# Scheduling Algorithm

In [None]:
import pandas as pd
import os
from utils import COLLEGES, heuristic_function

## Read Data

In [None]:
data = pd.read_csv('data/filtered-data.csv', low_memory=False)

## Define Scheduling Algorithm

The below algorithm is a "priority" scheduling algorithm. The priority is determined by the value of the college as determined by the heuristic function defined in [utils.py](utils.py).

In [None]:
def schedule_by_priority(colleges: list[str]) -> pd.DataFrame:
    by_value = [[college, heuristic_function(college, data)[0]] for college in colleges]
    by_value.sort(key=lambda e: e[1], reverse=True)

    # TODO: Add a second sort based on projected value (CollegeEducationMotion)?

    values = [college_data[0] for college_data in by_value]
    return pd.DataFrame(data=values, columns=['College (By Initial Value)'])

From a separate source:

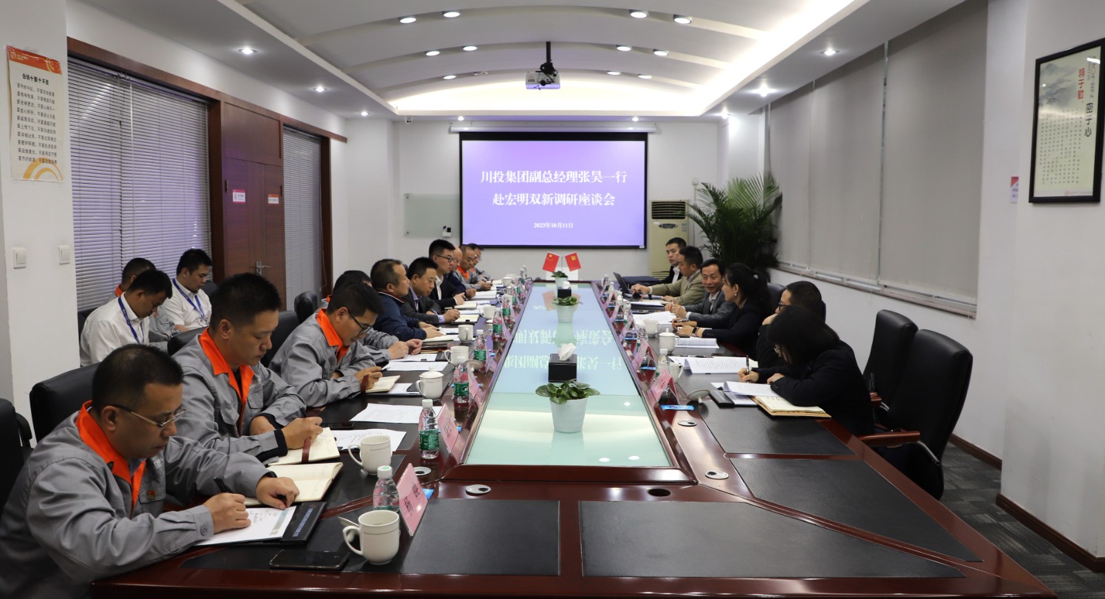 10月11日,集团公司副总经理张昊率队赴宏明双新调研企业前三季度经济运行情况,并对川投信产开展亏损治理、价值创造行动工作进展及完成全年目标任务进行督导。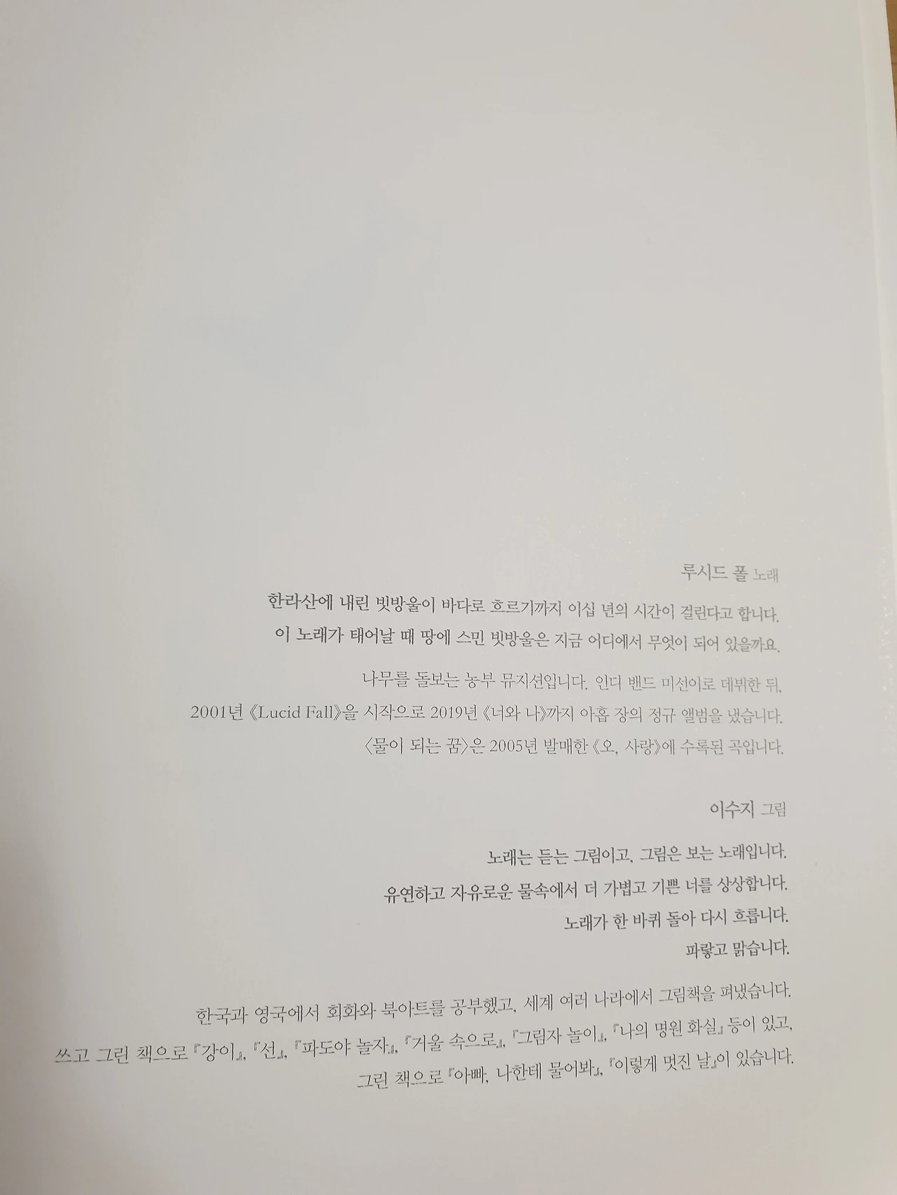 작년 내가 하는 책 모임에서 동네서점 탐방을 간 적이 있다. 동네 서점에서 읽고 싶은 책을 한 권씩 고르라고 회장님이 말했다. 나는 무슨 책을 고를지 몰라서 망설이고 있는데 책모임 회장님이 자신의 최애 책이라고 '물이 되는 꿈'을 나에게 추천해주셨다. 좋아하는 루시드폴과 요즘 제일 잘 나가는 이수지 작가님의 조합이라 실망시키지 않을 것이라는 믿음은 있었다. 내 딸과 한 번 읽은 다음 조용히 책장에 반 개월 넘게 방치되어 있었다.

Other algorithms we may want to implement in the future:

* An algorithm that's based on the travel distance to visit a college. This would be analogous to a "shortest job first" algorithm.

* Similar to "shortest job first", but tailored to visiting the colleges all at once (without returning home) in the most efficient way possible. Note this would basically be the [travelling salesman problem](https://en.wikipedia.org/wiki/Travelling_salesman_problem).

## Run Scheduling Algorithm

In [None]:
schedule = schedule_by_priority(COLLEGES)
display(schedule)

if not os.path.exists('output'):
    os.mkdir('output')
schedule.to_csv('output/schedule.csv')